I have a flight simulator and the joy of it is that many of the planes have auto pilot, and even when they don’t, I can fly them very simply. I have flown a real plane, back in the early 1980’s, but don’t expect me to fly you to New York, I only had a few lessons in a Cessna. With PC simulations I leave them set on easy and just drift along looking around at the scenery. Mind you the other day I was so intent on looking at the scenery that I crashed a Boeing 747-400 in London. You probably read about it in the news, or you would have if it was real. Flight simulators are great fun when you are limited in bed, flying anywhere in the world, slow in a hang glider, or high and fast in a jet, there is nothing quite like it when you are unable to even walk. I am so looking forward to Microsofts new flight simulator due out in 2020 it’s so realistic, it almost looks like a real plane, that’s if the demos are anything to go by. The current Microsoft simulator, FSX is no where near as good, you do need a good imagination to believe you are flying in that. There are people who buy complete artificial cockpits, controls, multiple screens and realistic seats. They go on imaginary flights all the time, although I guess they come down to earth when they look at their bank statements.
Modern PC car simulations are much more realistic. The problem is they are much more tiring to operate. I can’t use a steering wheel as they all seem to come with pedals and the alternative, which is hand controllers, are a bit twitchy and take a lot of concentration. But a quick crash around Scotland, on Forza, driving into other cars and people’s front gardens is great fun. The realism is amazing on a powerful PC. Trees, grass, shadows, water, dust, flowers, reflections on cars and sun glinting.
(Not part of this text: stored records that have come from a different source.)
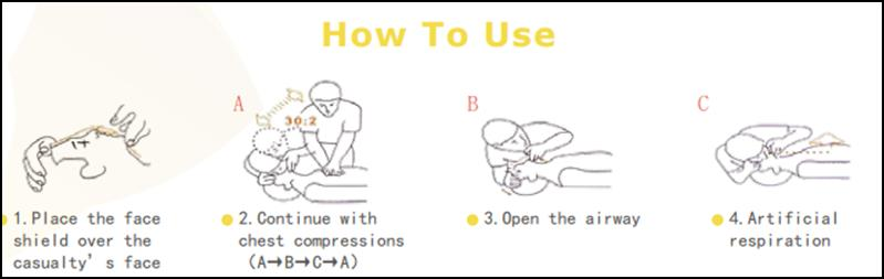 ✔Uygulama kapsamı:CPR yüz siperliği, kalp masajı sırasında koruma sağlamak amacıyla tasarlanmıştır.
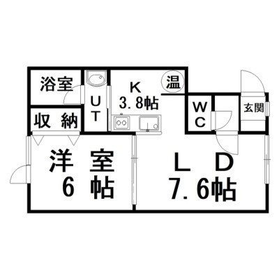 1LDK(39.46m²)└ LD7.6×K3.8×洋6
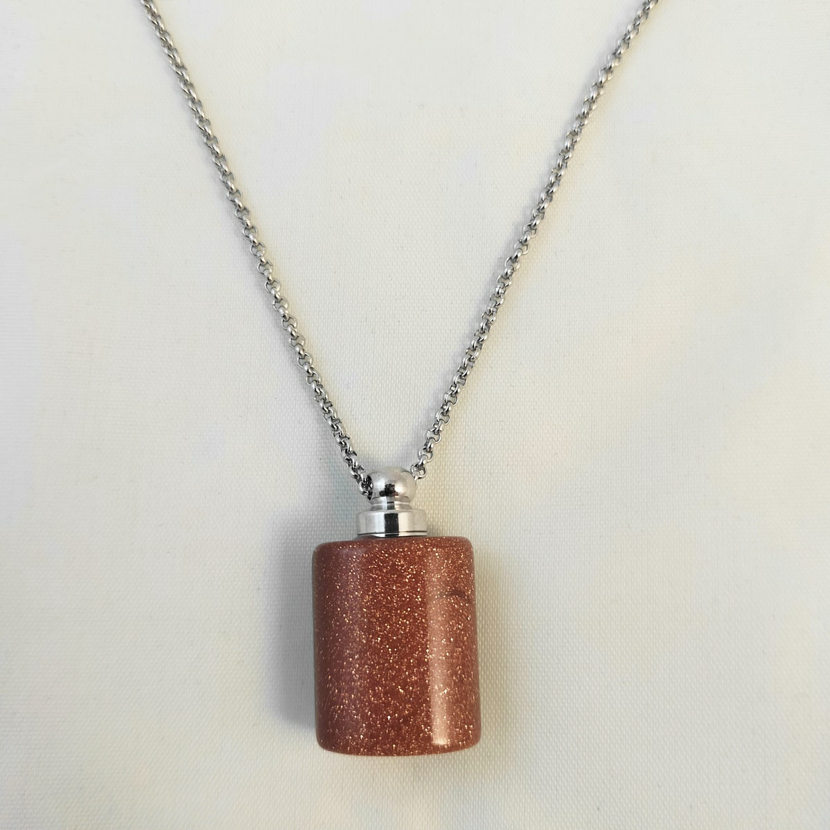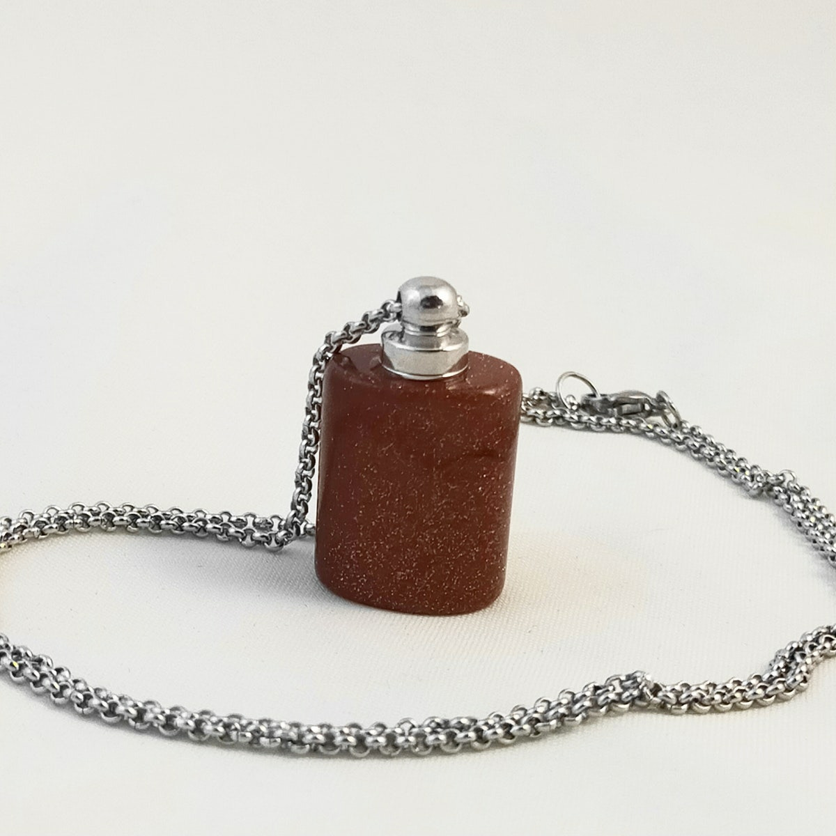 ▲Motif: flacon de parfum minimaliste 28x19mm en pierre de sable doré.
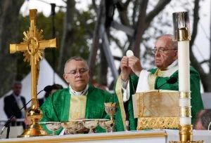 Pope Francis raises the Eucharist as he celebrates the closing Mass of the World Meeting of Families on Benjamin Franklin Parkway in Philadelphia Sept. 27. With him at the altar is Philadelphia Archbishop Archbishop Charles J. Chaput. (CNS photo/Paul Haring)
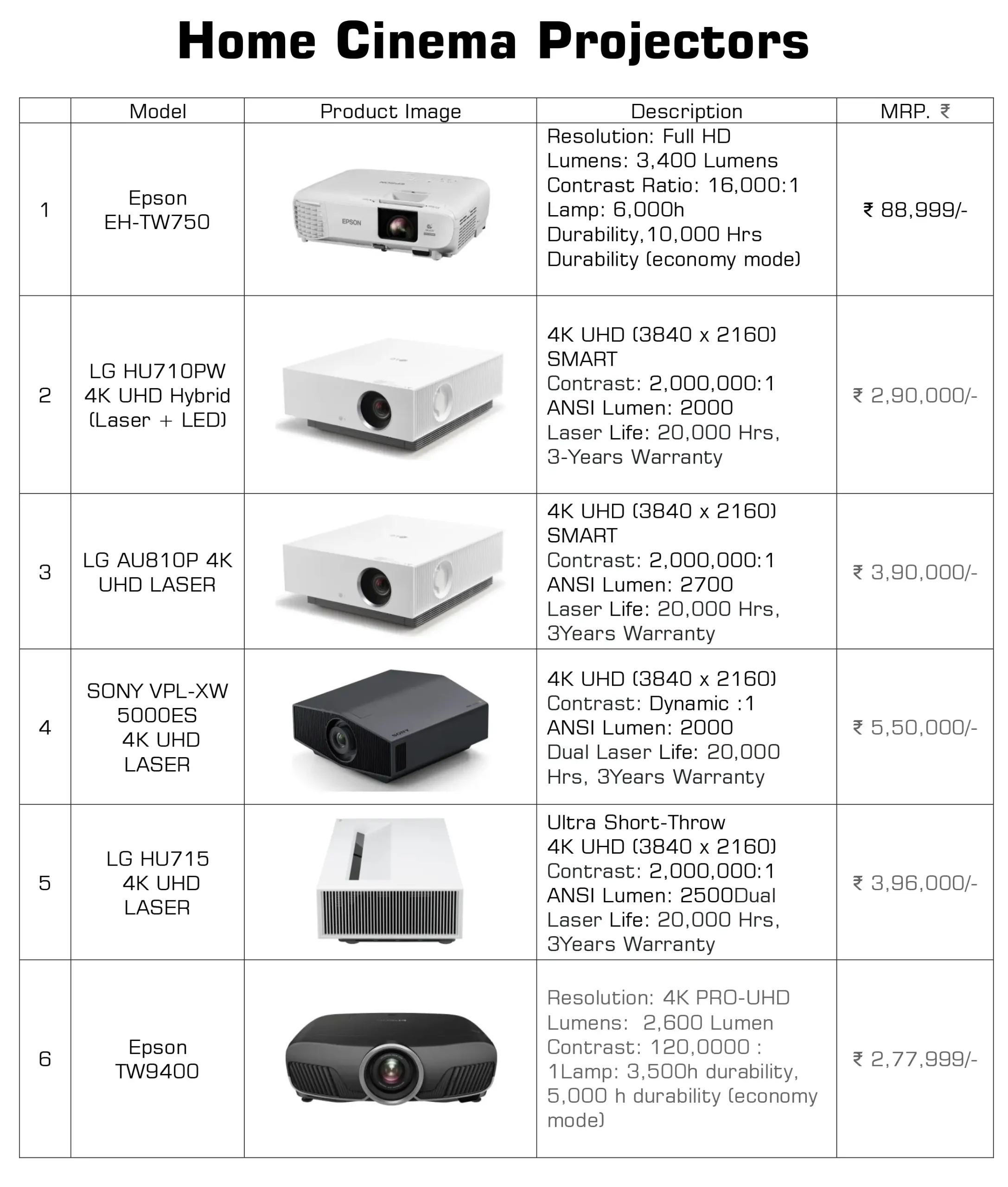 Home/ 4K Home Cinema Projectors – Contact for Best Price
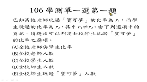 各位同學大家好,今天我們要看 106 學測單選題第一題
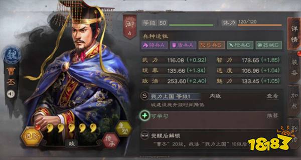 曹丕在游戏中还是相当强力的,技能为戳力上国,这个内政战法的效果是曹丕为主政官时,建城的升级时间降低,这个要曹丕为主政官时效果才有哦,满级战法可以减少30%还是相当多的,他也是游戏里唯一一个可以减少建筑升级时间的角色。
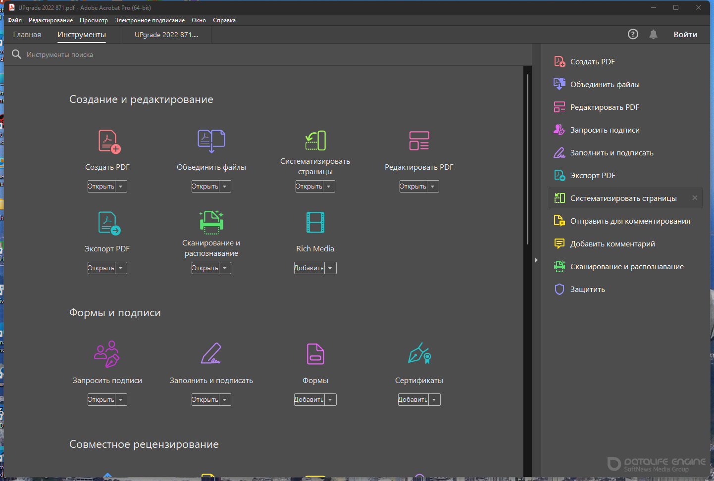 Acrobat Pro — это полностью обновленная настольная версия лучшего в мире решения для работы с файлами PDF. В состав этого решения входит мобильное приложение, позволяющее подписывать и отправлять файлы PDF, а также заполнять формы с любых устройств. А с помощью облачных сервисов Doсument Cloud вы сможете создавать, экспортировать, редактировать и отслеживать файлы PDF, открыв их в любом веб-браузере. Последние версии файлов всегда будут у вас под рукой независимо от того, на каком устройстве вы работаете.
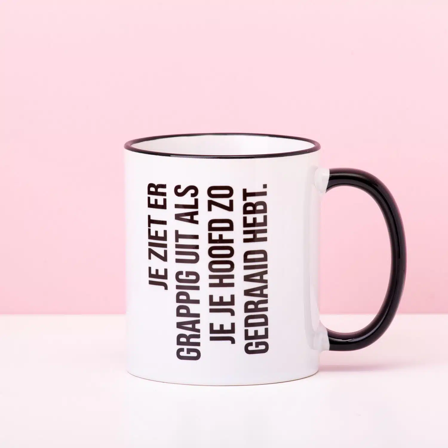 Heb je zo’n ultra nieuwsgierige collega, die je graag eens een lesje zou willen leren? Met de Mok Je ziet er grappig uit, kan dat zeker. Als je collega de beker met tekst ziet, wil ze vast graag lezen wat er staat. Maar om het makkelijker te maken, draait ze haar hoofd. De tekst is namelijk verticaal geprint. Op de mok staat de tekst: Je ziet er grappig uit, als je je hoofd zo gedraaid hebt. Misschien is ze de volgende keer minder nieuwsgierig? Ook een grappige mok om je gezin mee te verrassen aan de ontbijttafel.

You could believe it was real. That is apart from the fact you can crash into anything and not get hurt. It’s especially fun as in my case I can’t drive any longer in the real world.
Why am I talking about simulators? Because I believe they are a great idea for anyone who is as limited as I am. If you spend a lot of your day in bed, as I do, it’s a thing to do that is not too tiring and yet not totally inactive. Many things I do just involve watching TV or are too tiring, like puzzles or reading. Even writing this blog wears me out. As I mentioned earlier flight simulators can be really easy to fly, no effort. My favourite thing to do is choose a mission where the plane starts out flying above interesting scenery and then leave it in autopilot. There’s an option in FSX to view outside from the wing, above, side or behind, as well as in the cockpit. Plus, you can move the point of view within that. You can also skip to other planes nearby. The most realistic part of FSX is the sky, flying through the clouds is brilliant. When you are many thousands of feet above the earth the scenery below looks more realistic too. It’s a very freeing feeling.
I am fortunate because I can take myself on a similar trip in my head when I can’t use a PC. I do so often when in a “collapse”, the times when I lose muscle function for about 10-15 minutes at a time.
I would recommend a simulator on your PC if it can run one, for anyone in my situation. If you only have a tablet, like an iPad there are basic flight sims available for those. I realise that escape into your imagination doesn’t solve underlying problems. But it can give you a break and that is helpful. Often, it’s what you need most.